Further, a method of constructing an eco-friendly cantilever bridge bridge using a steel pipe according to the present invention is characterized in that, at a position corresponding to a slab on which a stretch joint is formed, a convex portion of the long convex portion is inserted into a concave portion of the concave portion at a predetermined interval And is connected to the expansion joint.

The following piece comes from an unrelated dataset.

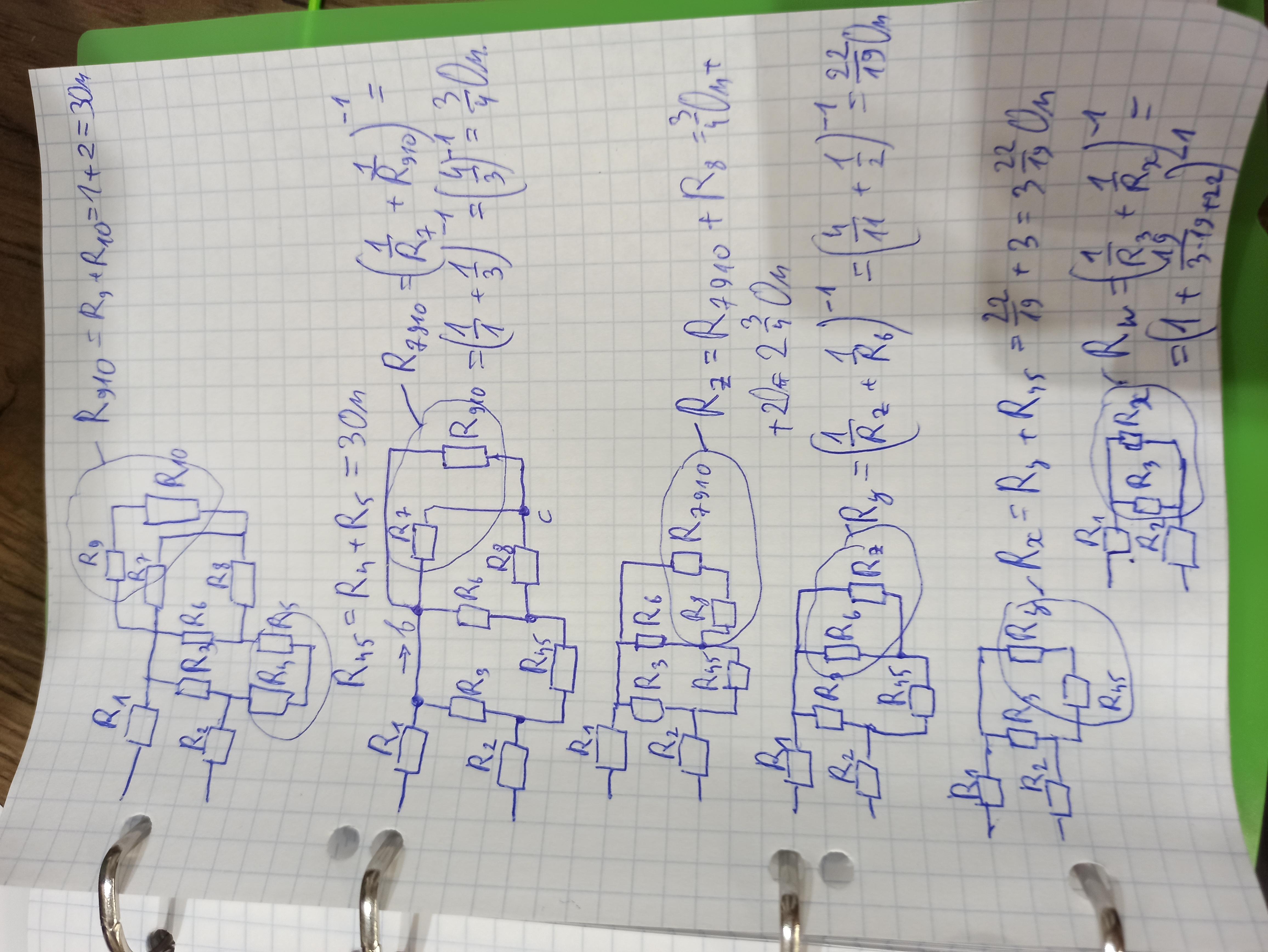 Последовательное упрощение схемы в направлении обхода тока, показаны на рисунке буквами

A method of constructing an eco-friendly cantilever foot bridge using a steel pipe according to the present invention is characterized in that the pedestrian passage underway has a plurality of girder lines, a plurality of flooring members provided on the girder line in a direction perpendicular to the girder lines, And a non-slip floor material provided at a predetermined position between the floor materials.

Further, in a method of constructing an eco-friendly cantilever bridge bridge using a steel pipe according to the present invention, one side of the joist has a convex portion and the other side has a concave portion, and the convex portion of the joist line of one of the pedestrian- And each of the plurality of pedestrian-passing sleeves is coupled to the bridge bracket by bolts or pieces of fasteners by long braces on the braces.

Further, in the method of constructing an eco-friendly cantilever bridge bridge using a steel pipe according to the present invention, a stretch joint flooring is additionally formed between the pedestrian's passage fork at a position corresponding to the slab on which the expansion joint is formed, And a second telescopic joint member which is bent at one end thereof to support a lower portion in the other end direction, wherein the first telescopic joint member includes a first telescopic joint member The other end of the second telescoping joint member and the other end of the second telescoping joint member each having a step, the other end of the first telescoping joint member having a step and the other end of the second telescoping joint member intersecting with each other, Wherein a predetermined portion of the upper portion of the member has a concave portion, and in the concave portion, the other end of the first expansion joint member and the second expansion joint member Only two thousand two hundred fifty-one is filled to reduce the friction when crossing each other.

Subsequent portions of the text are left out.